3. Stimulansia: Kokain & Amfetamin
Pemakaian
zat ini biasanya karena mengharapkan efek euphoria, menimbulkan rasa percaya
diri, memperbaiki penampilan misalnya pada artis yang naik pentas, mengurangi
rasa lelah, mengurangi rasa ngantuk dan rasa lapar.
l Intoksikasi:
nadi cepat, tekanan darah naik, suhu badan naik, keringat, Midriasis (pupil
dilatasi), tremor, kejang, koma bisa meninggal, euphoria, agresif, halisunasi,
perilaku repetitive.
l Putus
zat: insomnia, keletihan, ide bunuh diri, mudah tersinggung, depresi.
4. Kanabinoid: Ganja
Ganja
atau kanabis atau marihuana atau hasis, dengan zat psikoaktifnya adalah
tetrahidrocannabinol (THC). Biasanya dipakai sebagai obat stress, cemas dan
depresi. Di beberapa wilayah Indonesia, ganja dipakai sebagai penyedap makanan
atau perangsang nafsu makan.
l Intoksikasi:
mata merah, detak jantung cepat, mulut kering, perasaan melambung / high, rasa
percaya diri, depersonalisasi, dereliasi, elasi/ ketawa, halusinasi,
inkoherensi, waham.
l Putus
Zat: gejalanya ringan insomnia, mual, nafsu makan kurang, otot-otot terasa
sakit, berkeringat, cemas, gelisah, bingung dan depresi. Pada pemakai awal /
pemula biasanya dapat reaksi panik.
5. Alkohol
Minuman beralkohol mengandung etanol atau etilalkohol.
Ada 3 macam / golongan alcohol berdasarkan pada kadar etanol dalam
kandungannya.
Golongan
A: etanol antara 1-5% seperti pada bir, shandy
Golongan
B: etanol antara 5-20% seperti pada anggur
Golongan
C: etanol antara 20-55% seperti pada whisky, brandy
Intoksikasi:
l Ringan:
euphoria, disinhibisi seksual, disarthria, ataksia, rasa ngantuk, nistagmus.
l Berat:
stupor, koma, pernafasan melambat, tekanan darah turun, kejang kemudian bisa
mati.
l Intoksikasi
idiosinkratik: Terjadi perubahan tingkah laku akibat pemakaian alcohol yang
jumlahnya relative kecil, timbul dalam beberapa jam setelah pemakaian.
l Lepas
alkohol: terjadi pada orang yang telah meminum alkohol setiap hari selama
beberapa bulan, kemudian berhenti. Kejadiannya antara 12-72 jam dari saat minum
terakhir. Gejalanya gemetar, halusinasi, kejang serta delirium tremans dengan
gejala confuse, ilusi, delusi, agitasi, imsomnia, nafas pendek, aritmia jantung
(jantung tidak teratur) kemudian bisa meninggal.
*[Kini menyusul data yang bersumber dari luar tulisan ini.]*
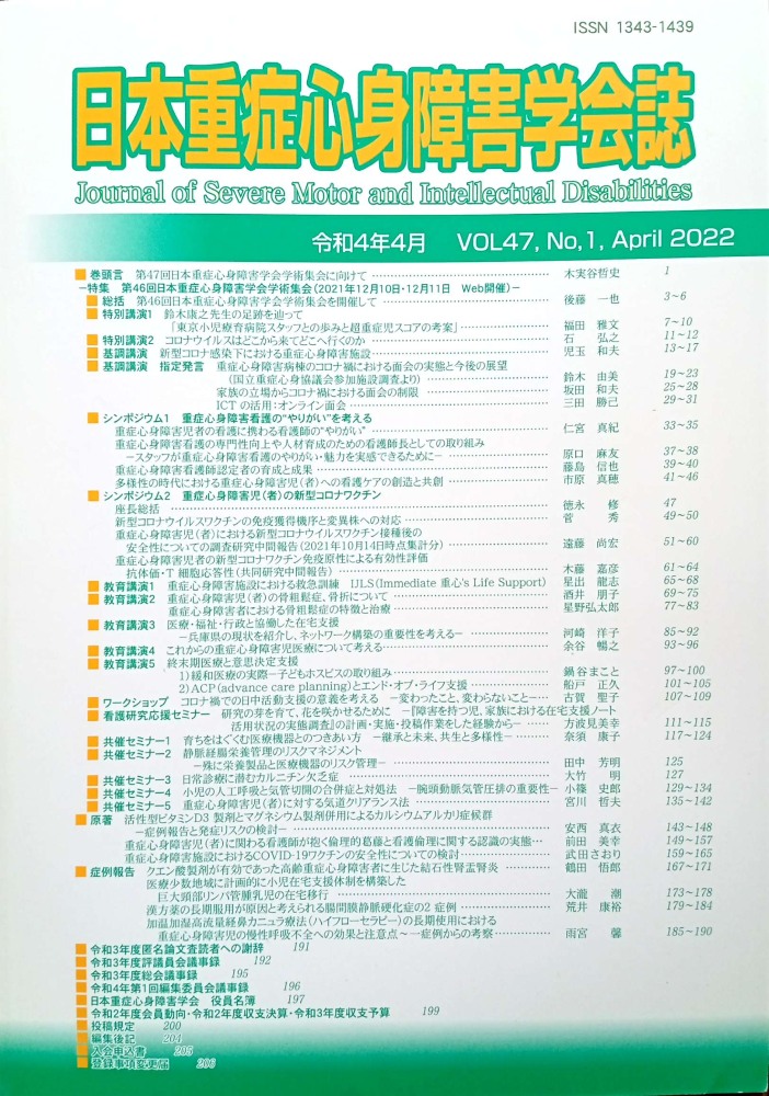 論文「重症心身障害者における骨粗鬆症の特徴と治療」 2022/4/1発行(日本重症心身障害学会) 肢体不自由児施設勤務の時に、重症心身障害者がほとんどすべて骨粗鬆症であることを確認しました。たいした力を加えたわけでもないのに、骨折を生じ、それにあたった職員は大きなショックを受けます。私は大学院にて骨粗鬆症の研究をしており、日本骨粗鬆症学会認定専門医でもあります。YAM50%にも満たない骨粗鬆症が当たり前のように、目の前で苦しんでいる。これに立ち向かった戦いの全貌を込めた論文になります。どうしようもないと放置されることなく、積極的に安全な薬物療法を行っていただきたいものです。 |

E. Penyebab Terjadinya Penyalahgunaan Obat
diantaranya adalah :
1.
Faktor predisposisi : Yaitu
gangguan kepribadian dan gangguan jiwa.
2.
Faktor kontribusi : Hubungan
interpersonal yang terganggu, atau keadaan orang tua yang patologis/kacau.
3.
Faktor pencetus : Pengaruh teman
kelompok, dan tersedianya obat/zat.
Ø Penyalahgunaan dan Ketergantungan
Alkohol
DSM-IV-TR membedakan antara ketergantungan alkohol dan
penyalahgunaan alkohol. Istilah penyalahgunaan sering kali digunakan untuk
merujuk kedua aspek konsumsi alkohol yang berlebihan dan berbahaya. Orang-orang
yang tergantung pada alkohol secara umum memiliki simtom-simtom gangguan
seperti toleransi atau putus zat. (Schuckit dkk 1998).
Efek pemutusan total alkohol pada peminum kronis dan
berat dapat cukup dramatis karena tubuh telah terbiasa dengan zat tersebut.
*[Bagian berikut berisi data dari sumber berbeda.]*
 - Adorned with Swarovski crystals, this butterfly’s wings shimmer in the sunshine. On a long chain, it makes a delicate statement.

Secara subjektif, orang yang bersangkutan sering kali mengalami kecemasan,
depresi, lemah, tidak dapat diam, dan tidak dapat tidur. Tremor otot, terutama
otot-otot kecil dijari, wajah, kelopak mata, bibir, dan lidah dapat terlihat
jelas dan denyut nadi, tekanan darah, serta suhu tubuh meningkat.
Seseorang yang telah menjadi peminum berat selama
beberapa tahun juga dapat mengalami Delirium Tremens (DTS) bila kadar alkohol
di dalam darah mendadak turun. Orang yang bersangkutan mengalami delirium dan
tremor serta halusinasi yang utamanya visual, namun dapat juga taktil. Delirium
dan penyakit fisiologis dadakan yang disebabkan oleh putus alkohol
mengindikasikan bahwa orang tersebut mengalami kecanduan.
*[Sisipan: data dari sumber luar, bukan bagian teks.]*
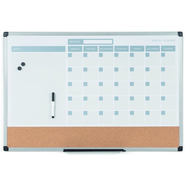 Three-in-one monthly planner provides functionality times three for efficient planning and organization. Dry-erase calendar planner provides space for lists and a bulletin surface for your important cards and notes. Compact size fits conveniently in smaller spaces for use in any working context. Magnetic Gold Ultra surface resists staining and is suitable for frequent use. Included mounting hardware works with the four-corner system to mount the board either vertically or horizontally for optimal placement. Monthly planner is perfect for cubicles, personal work spaces and more.

Prevalensi Penyalahgunaan Alkohol
dan Komorbiditas dengan Gangguan Lain
Prevalensi penyalahgunaan dan ketergantungan alkohol
bervariasi tergantung pada beberapa faktor seperti gender, umur, wilayah,
etnisitas, dan tingkat pendidikan. . Prevalensi ketergantungan alkohol menurun
pada laki-laki dan perempuan seiring bertambahnya usia, baik karena kematian
dini pada orang-orang yang menyalahgunakan alkohol dalam jangka panjang maupun karena banyak di
antaranya yang telah berhasil untuk berhenti minum (Wilsnack & Wilsnack,
1995; Vaillant, 1996). Beberapa data menunjukkan bahwa perempuan lebih cepat
mengalami berbagai masalah kesehatan yang
berhubungan dengan alkohol, seperti penyakit jantung, penyakit lambung
dan hati, dibanding laki-laki meskipun laki-laki mengonsumsi alkohol lebih
banyak (Lewis dkk., 1996; York & Welte, 1994).
Perjalanan Gangguan
Pada suatu saat perjalanan hidup para penyalahguna
alkohol diperkirakan memiliki arah yang sama yaitu semakin memburuk.
Berdasarkan suatu survei ekstensif terhadap 2.000 anggota Alcoholics Anonymous,
jellinek (1952) menggambarkan bahwa laki-laki yang menjadi penyalahguna alkohol
melewati empat tahap, diawali dengan minum sosial dan berlanjut ke tahap di
mana orang yang bersangkutan hanya hidup untuk minum. Pesan yang disampaikan
model bertahap ini adalah alkoholik mengalami kemunduran yang tidak dapat
dihindari, tanpa memiliki kemungkinan untuk kembali ke tahap sebelumnya.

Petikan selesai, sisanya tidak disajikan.